» **DATA LISTING**
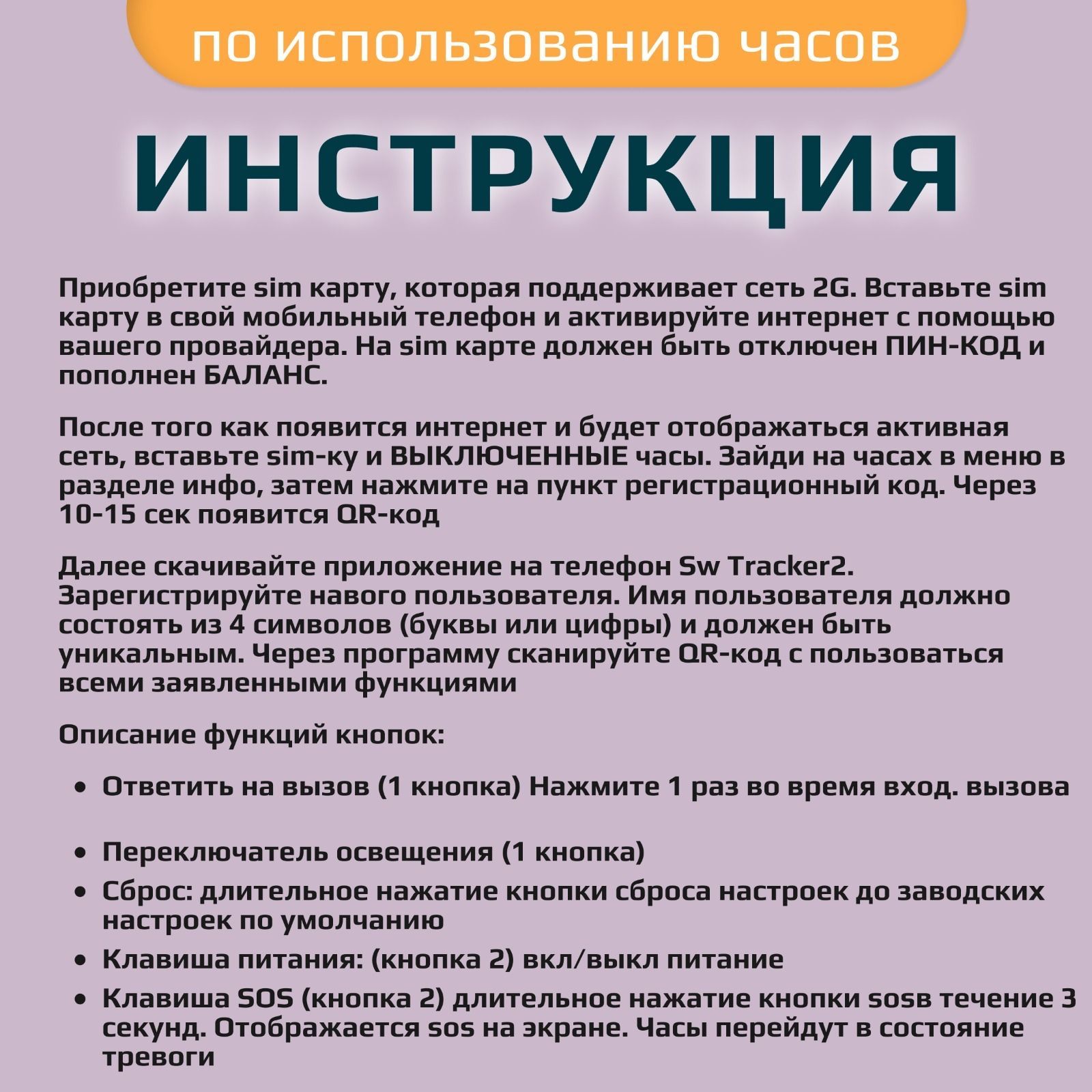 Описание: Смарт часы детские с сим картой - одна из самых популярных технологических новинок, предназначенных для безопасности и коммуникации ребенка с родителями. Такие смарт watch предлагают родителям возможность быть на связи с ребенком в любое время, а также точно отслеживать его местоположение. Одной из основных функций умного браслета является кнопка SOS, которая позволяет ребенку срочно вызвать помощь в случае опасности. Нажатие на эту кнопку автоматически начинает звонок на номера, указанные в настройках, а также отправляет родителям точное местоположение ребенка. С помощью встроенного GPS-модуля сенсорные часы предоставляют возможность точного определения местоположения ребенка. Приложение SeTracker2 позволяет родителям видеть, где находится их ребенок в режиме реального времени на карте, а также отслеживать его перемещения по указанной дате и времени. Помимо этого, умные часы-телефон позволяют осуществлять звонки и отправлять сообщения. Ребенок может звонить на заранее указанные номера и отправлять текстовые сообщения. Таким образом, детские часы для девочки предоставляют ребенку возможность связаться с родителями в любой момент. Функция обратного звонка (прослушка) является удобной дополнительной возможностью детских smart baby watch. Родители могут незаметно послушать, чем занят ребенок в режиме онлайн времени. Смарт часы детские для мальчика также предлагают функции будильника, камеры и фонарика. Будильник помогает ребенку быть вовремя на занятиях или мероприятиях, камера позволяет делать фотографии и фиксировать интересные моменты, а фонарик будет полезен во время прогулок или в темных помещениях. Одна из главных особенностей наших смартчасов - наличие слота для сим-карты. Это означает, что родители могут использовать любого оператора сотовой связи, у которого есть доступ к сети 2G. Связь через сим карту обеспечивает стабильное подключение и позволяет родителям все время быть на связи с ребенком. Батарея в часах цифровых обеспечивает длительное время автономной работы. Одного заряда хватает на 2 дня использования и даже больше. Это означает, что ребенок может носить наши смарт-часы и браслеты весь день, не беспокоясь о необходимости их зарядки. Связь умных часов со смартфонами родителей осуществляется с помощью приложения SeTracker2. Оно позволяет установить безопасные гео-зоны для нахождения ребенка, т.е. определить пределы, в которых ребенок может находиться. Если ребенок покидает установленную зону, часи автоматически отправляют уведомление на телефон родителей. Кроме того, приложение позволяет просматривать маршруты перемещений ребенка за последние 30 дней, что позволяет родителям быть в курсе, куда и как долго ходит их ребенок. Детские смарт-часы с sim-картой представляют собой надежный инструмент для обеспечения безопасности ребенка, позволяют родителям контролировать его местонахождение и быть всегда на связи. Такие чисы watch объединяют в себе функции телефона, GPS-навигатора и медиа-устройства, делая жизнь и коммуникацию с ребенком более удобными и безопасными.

--

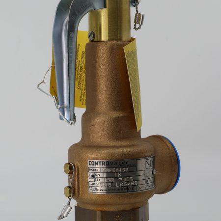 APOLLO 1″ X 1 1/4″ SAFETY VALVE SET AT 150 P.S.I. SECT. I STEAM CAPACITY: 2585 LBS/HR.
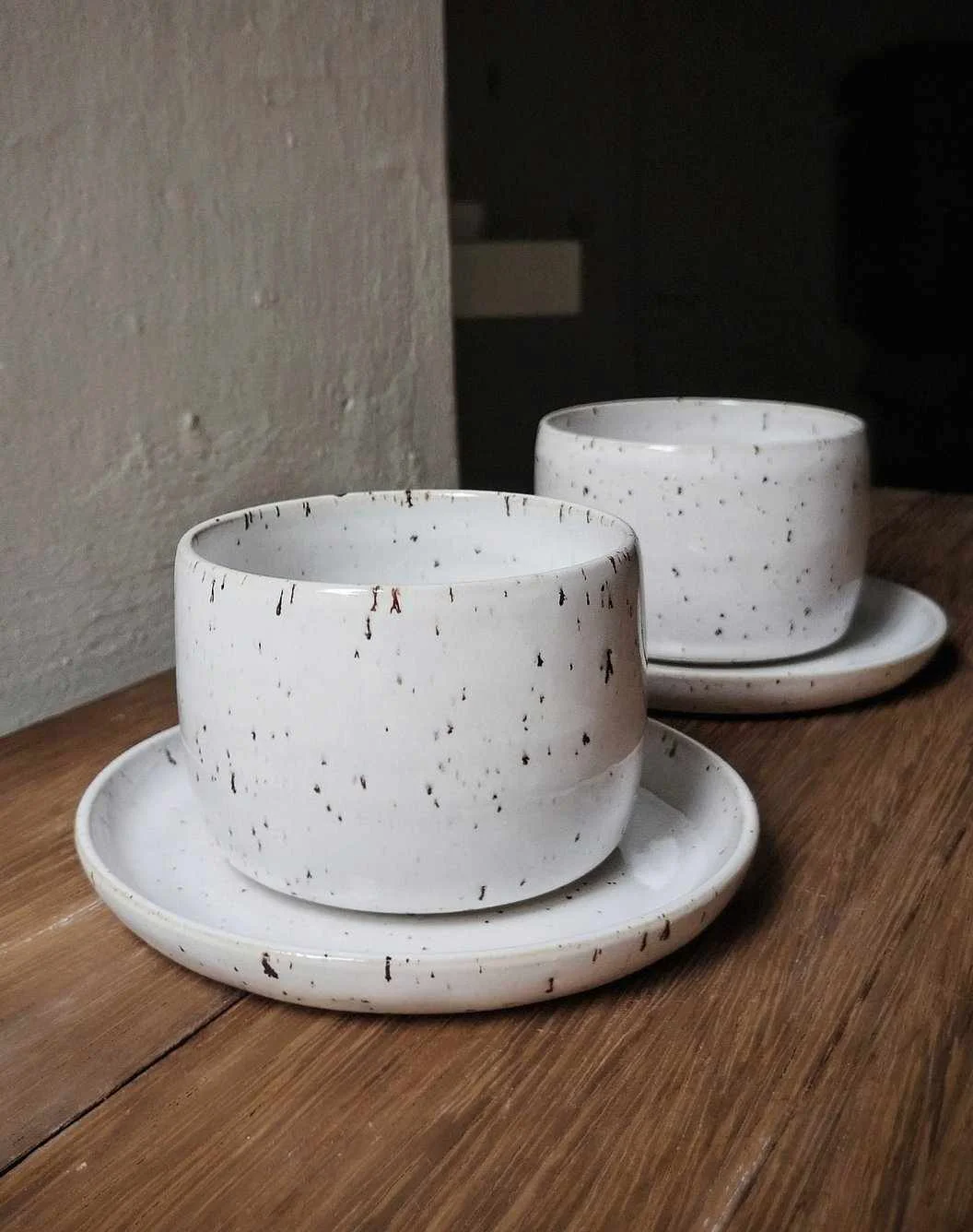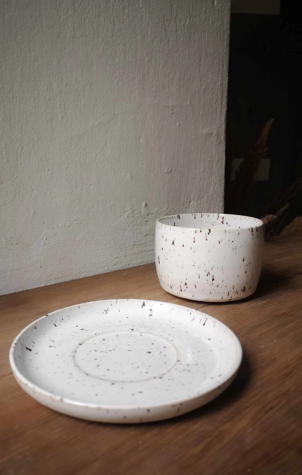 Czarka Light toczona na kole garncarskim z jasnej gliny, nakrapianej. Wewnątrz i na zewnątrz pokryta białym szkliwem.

» **WORK TO COMPLETE**
Above are entries with pictures among them. Write out exactly the lines from the one containing "APOLLO 1″ X" through the one containing "Czarka Light toczona", ends included, and leave those pictures out.

» **EXERCISE OUTPUT**
 APOLLO 1″ X 1 1/4″ SAFETY VALVE SET AT 150 P.S.I. SECT. I STEAM CAPACITY: 2585 LBS/HR.
 Czarka Light toczona na kole garncarskim z jasnej gliny, nakrapianej. Wewnątrz i na zewnątrz pokryta białym szkliwem.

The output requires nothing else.